Müşteriye açıkça verilen lisanslar ve haklar hariç, Müşteriye zımnen veya başka bir şekilde verilen lisanslar ve haklar.

  1. Teknik ve Organizasyonel Önlemler

6.1. Şirket, Ek 1’de açıklanan Kişisel Verileri kazara veya yasa dışı imha, kayıp, değişiklik, yetkisiz ifşa veya Kişisel Verilere erişime karşı yeterli şekilde korumak için uygun teknik ve organizasyonel önlemleri alacaktır. Bu önlemler, fiziksel ve bunlarla sınırlı olmamak üzere, aşağıdakileri içerir: BT önlemleri ve organizasyonel önlemler:

  1. (a) Kişisel Veri işleme sistemlerine yetkisiz kişilerin erişiminin engellenmesi (fiziksel erişim kontrolü),
  2. (b) Kişisel Veri işleme sistemlerinin izinsiz kullanılmasının engellenmesi (mantıksal erişim kontrolü),
  3. (c) Kişisel Veri işleme sistemini kullanma hakkına sahip kişilerin yalnızca erişim haklarına uygun olarak erişim hakkına sahip oldukları Kişisel Verilere erişmelerinin ve işleme veya kullanma sırasında ve saklama sonrasında, Kişisel Veriler izinsiz olarak okunamaz, kopyalanamaz, değiştirilemez ve silinemez (veri erişim kontrolü),

(d)Kişisel Verilerin elektronik ortamda iletilmesi, taşınması veya saklama ortamlarında saklanması sırasında izinsiz olarak okunmaması, kopyalanmaması, değiştirilmemesi, silinmemesi ve Kişisel Verilerin veri iletim imkanları vasıtasıyla aktarımı için hedef kurumların oluşturulabilmesinin sağlanması ve doğrulandı (veri aktarım kontrolü),

  1. (e) Kişisel Verilerin, Kişisel Veri işleme sistemlerine girilip girilmediğini, değiştirilip değiştirilmediğini veya bu sistemlerden çıkarılıp çıkarılmadığını (giriş kontrolü) ve kimler tarafından belgelendirecek bir denetim takibinin oluşturulmasını sağlamak,
  2. (f) Kişisel Verilerin kazara yok olmasına veya kaybolmasına karşı korunmasının sağlanması (kullanılabilirlik kontrolü).

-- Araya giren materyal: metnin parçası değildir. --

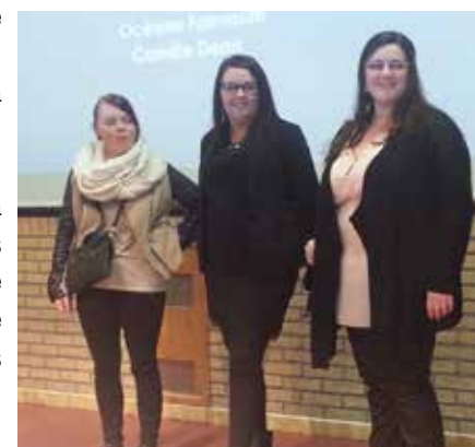
† Les animatrices de l'Etoile du Marin.

6.2. Teknik ve organizasyonel önlemler teknik ilerlemeye ve daha fazla gelişmeye tabidir. Bu bağlamda Şirket alternatif yeterli önlemi uygulayabilir ancak tanımlanan önlemlerin güvenlik düzeyi asla azaltılmamalıdır. Büyük değişiklikler belgelenmelidir.

  1. Alt İşleyiciler

7.1. Müşteri, Şirketin Müşteri adına Hizmetleri sunmasına yardımcı olmak amacıyla Şirketin Bağlı Şirketlerini veya üçüncü tarafları Kişisel Verileri işlemesi için görevlendirebileceğini kabul eder (“Alt İşleyiciler”). Şirket, her bir Alt İşleyici ile, söz konusu Alt İşleyici tarafından sağlanan Hizmetlerin niteliğine uygun olduğu ölçüde, bu Veri Koruma Anlaşmasındakilerden daha az koruyucu olmayan veri koruma yükümlülükleri içeren yazılı bir anlaşma yapmıştır veya yapacaktır. Alt İşleyicinin Hizmetleri AB/AEA dışında işlemesi durumunda Şirket, aktarımın, Müşterinin Şirkete kendi adına girmesine izin verdiği Kişisel Verilerin aktarımına ilişkin Avrupa Komisyonu onaylı standart sözleşme hükümleri uyarınca yapılmasını sağlayacaktır. veya diğer uygun yasal veri aktarım mekanizmalarının kullanıldığı.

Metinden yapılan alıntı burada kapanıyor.